The largest crystals on Earth can be found in a cave in Mexico, buried 300 meters (about 1,000 feet) below ground. The biggest of these giants is about as long and wide as a school bus. These crystals crisscross within the cavern. They look like translucent white trees that have fallen in an alien forest. Smaller ones cluster like mineral bushes on the walls and floor.
This is the Cave of Crystals, and it might be one of the most beautiful spots on Earth. It’s not the most comfortable, though. Temperatures here soar to 58° Celsius (136° Fahrenheit). Humidity hovers around 90 percent. People who enter the cave risk heatstroke. They must wear protective suits just to avoid suffocating. Thieves have died trying to steal slivers of the crystals.

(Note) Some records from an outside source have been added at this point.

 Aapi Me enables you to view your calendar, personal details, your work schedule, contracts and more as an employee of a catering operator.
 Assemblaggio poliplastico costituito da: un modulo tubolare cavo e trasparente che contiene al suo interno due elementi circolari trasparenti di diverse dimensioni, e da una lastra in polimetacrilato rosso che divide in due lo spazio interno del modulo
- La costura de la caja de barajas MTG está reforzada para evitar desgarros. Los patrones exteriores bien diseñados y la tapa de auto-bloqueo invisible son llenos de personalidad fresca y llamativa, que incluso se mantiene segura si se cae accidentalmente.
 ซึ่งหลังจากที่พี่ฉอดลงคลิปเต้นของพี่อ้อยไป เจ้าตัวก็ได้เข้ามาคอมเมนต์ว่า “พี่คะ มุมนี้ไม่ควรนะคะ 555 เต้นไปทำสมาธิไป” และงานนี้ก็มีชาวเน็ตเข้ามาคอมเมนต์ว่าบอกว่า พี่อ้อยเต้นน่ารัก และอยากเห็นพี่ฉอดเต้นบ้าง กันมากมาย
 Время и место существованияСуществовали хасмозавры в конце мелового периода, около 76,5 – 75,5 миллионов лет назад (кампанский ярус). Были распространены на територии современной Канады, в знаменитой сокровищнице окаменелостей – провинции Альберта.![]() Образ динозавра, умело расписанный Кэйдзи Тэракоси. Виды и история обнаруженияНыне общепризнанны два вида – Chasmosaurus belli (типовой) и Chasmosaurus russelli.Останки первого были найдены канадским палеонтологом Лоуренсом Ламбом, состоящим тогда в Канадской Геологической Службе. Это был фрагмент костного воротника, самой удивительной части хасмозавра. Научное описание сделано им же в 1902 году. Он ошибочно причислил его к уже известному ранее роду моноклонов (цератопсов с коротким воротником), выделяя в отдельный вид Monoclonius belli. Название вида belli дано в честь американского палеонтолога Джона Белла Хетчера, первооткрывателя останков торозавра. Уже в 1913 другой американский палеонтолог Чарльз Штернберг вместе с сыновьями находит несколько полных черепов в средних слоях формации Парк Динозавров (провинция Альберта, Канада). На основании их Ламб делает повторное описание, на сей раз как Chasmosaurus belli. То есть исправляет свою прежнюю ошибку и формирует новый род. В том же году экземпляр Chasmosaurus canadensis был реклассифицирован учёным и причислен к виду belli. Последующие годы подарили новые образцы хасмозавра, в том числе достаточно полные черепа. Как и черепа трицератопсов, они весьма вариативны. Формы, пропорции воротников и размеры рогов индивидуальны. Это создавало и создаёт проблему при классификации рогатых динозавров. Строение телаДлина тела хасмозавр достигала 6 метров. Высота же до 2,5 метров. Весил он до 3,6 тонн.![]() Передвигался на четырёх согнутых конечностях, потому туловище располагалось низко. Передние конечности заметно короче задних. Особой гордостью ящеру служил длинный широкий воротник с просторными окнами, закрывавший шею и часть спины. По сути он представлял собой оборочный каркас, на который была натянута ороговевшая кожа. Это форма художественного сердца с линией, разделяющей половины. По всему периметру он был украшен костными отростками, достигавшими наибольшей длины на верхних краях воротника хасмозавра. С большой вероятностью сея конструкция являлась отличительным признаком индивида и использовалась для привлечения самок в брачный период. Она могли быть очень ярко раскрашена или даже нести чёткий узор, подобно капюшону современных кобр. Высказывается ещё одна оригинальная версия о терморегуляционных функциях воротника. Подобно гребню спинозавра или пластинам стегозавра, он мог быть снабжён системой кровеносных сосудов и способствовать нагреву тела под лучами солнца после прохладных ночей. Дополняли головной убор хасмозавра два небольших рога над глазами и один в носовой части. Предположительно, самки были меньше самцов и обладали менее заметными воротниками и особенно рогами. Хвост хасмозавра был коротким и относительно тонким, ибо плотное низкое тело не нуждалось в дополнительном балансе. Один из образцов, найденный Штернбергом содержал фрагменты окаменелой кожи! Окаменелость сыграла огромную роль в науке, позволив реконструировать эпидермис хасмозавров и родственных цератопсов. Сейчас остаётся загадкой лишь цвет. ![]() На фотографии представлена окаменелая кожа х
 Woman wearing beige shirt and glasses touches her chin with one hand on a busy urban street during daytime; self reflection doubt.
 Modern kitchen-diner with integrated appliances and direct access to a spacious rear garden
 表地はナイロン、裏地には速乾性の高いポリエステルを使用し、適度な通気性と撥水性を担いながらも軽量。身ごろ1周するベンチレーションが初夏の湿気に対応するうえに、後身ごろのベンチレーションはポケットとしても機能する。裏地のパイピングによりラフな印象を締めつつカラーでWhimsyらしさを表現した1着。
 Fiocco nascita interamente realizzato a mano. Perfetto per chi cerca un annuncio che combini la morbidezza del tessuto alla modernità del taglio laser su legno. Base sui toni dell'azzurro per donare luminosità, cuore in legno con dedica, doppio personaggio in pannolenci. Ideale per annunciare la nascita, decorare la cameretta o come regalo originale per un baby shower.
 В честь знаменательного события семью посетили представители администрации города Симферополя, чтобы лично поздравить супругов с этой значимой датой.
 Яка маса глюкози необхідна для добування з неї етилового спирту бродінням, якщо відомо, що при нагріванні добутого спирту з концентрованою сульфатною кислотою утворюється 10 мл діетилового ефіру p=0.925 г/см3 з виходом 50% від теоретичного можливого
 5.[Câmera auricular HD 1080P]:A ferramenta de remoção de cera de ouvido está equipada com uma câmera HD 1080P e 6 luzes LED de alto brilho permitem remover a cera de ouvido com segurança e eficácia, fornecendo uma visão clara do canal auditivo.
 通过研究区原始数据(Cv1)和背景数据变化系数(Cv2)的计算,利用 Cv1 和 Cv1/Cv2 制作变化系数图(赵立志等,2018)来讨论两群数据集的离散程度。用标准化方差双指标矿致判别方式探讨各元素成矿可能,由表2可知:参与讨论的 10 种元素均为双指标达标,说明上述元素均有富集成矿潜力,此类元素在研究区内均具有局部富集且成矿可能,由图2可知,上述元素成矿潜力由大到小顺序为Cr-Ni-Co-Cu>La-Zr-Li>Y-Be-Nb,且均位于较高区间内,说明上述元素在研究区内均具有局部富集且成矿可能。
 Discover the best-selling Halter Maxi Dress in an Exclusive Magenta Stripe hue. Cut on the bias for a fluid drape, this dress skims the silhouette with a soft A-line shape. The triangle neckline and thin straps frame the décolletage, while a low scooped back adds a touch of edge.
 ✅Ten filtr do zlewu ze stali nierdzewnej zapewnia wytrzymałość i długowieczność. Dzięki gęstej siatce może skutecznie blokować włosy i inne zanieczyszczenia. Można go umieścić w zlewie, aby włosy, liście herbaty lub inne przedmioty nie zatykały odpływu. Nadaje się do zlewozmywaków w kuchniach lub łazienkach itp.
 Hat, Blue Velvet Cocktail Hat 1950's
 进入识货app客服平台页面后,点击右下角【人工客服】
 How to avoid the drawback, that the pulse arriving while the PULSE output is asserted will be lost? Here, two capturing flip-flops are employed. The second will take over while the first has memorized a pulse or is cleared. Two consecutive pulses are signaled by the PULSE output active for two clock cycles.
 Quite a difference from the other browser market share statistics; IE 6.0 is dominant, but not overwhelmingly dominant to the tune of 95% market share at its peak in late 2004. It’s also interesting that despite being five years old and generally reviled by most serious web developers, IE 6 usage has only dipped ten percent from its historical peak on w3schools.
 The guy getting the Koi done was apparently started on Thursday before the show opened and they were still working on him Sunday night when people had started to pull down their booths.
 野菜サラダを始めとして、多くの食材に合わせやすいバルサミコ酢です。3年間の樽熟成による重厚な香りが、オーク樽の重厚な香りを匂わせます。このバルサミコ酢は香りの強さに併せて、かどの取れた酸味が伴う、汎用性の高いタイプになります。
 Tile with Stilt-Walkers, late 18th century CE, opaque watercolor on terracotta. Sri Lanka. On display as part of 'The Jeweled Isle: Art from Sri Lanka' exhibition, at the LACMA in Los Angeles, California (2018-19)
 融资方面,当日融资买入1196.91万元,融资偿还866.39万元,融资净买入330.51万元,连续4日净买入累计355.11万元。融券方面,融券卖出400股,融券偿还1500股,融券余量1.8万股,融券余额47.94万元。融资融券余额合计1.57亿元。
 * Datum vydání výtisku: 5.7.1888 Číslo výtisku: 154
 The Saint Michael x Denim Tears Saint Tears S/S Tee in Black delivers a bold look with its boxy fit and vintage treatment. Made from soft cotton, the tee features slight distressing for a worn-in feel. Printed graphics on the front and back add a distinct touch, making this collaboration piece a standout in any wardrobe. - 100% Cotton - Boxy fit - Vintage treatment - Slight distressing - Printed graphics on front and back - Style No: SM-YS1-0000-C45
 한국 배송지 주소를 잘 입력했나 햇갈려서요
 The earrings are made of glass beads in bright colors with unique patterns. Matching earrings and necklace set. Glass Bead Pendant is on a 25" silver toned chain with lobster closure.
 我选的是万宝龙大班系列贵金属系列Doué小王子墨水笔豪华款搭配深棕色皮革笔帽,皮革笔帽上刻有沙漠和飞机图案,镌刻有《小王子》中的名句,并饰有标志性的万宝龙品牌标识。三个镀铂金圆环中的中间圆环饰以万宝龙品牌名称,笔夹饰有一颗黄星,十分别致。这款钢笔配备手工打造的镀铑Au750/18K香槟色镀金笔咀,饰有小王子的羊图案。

The dazzling cave might seem like the last place on Earth to look for life. But it doesn’t seem that way to Penelope Boston. She’s a speleologist (SPEE-lee-OL-uh-gizt) — a scientist who studies caves. And her specialty is life existing in extreme environments.
Scientists have found organisms in plenty of hostile places — some of the hottest, coldest, darkest, deepest and most remote sites on Earth. To find such organisms, however, scientists must travel far and venture into unfriendly places. Including caves.
Some caves have been carved by underground streams. Others have formed during earthquakes or from volcanic activity. Now these sites provide windows to the inner workings of our planet. Protected from the surface, they change slowly — if at all. And this preserves a record of the past and represents one of Earth’s last unexplored frontiers. So to speleologists, caves are natural laboratories, full of possibilities.
A tough place to call home
Boston conducts research below ground. But she started by looking in the opposite direction: to outer space. She’s always wanted to know if life exists on other planets. And she’s always wanted to go to Mars. In graduate school, she helped found The Mars Society. This organization is dedicated to getting people to the Red Planet — and settling there. She is also a past president of the Association of Mars Explorers, a group of scientists and others who are passionate about exploring “the frontiers of Mars.” That includes thinking about where to look for microscopic life on the planet. (If scientists do find microbes, these germs would be the first known Martians!)
The surface of Mars is cold, dry and bombarded by radiation from the sun. It wouldn’t be a pleasant place to live. Boston thinks a better spot to find life would be beneath the Martian surface. Images from orbiting spacecraft have revealed holes in planet’s surface. Scientists suspect these could be natural skylights, leading to underground caverns. Those images from space also show curving troughs on the planet’s surface. These look like collapsed lava tubes, which are underground channels formed by flowing lava.
Traveling to Mars to search for life in these places would be tough. But Earth also has lava tubes and caves. And they are a lot closer than Mars. So scientists like Boston study extremophiles — organisms that live in Earth’s most hostile places — to get an idea of what Martians might resemble, if they exist.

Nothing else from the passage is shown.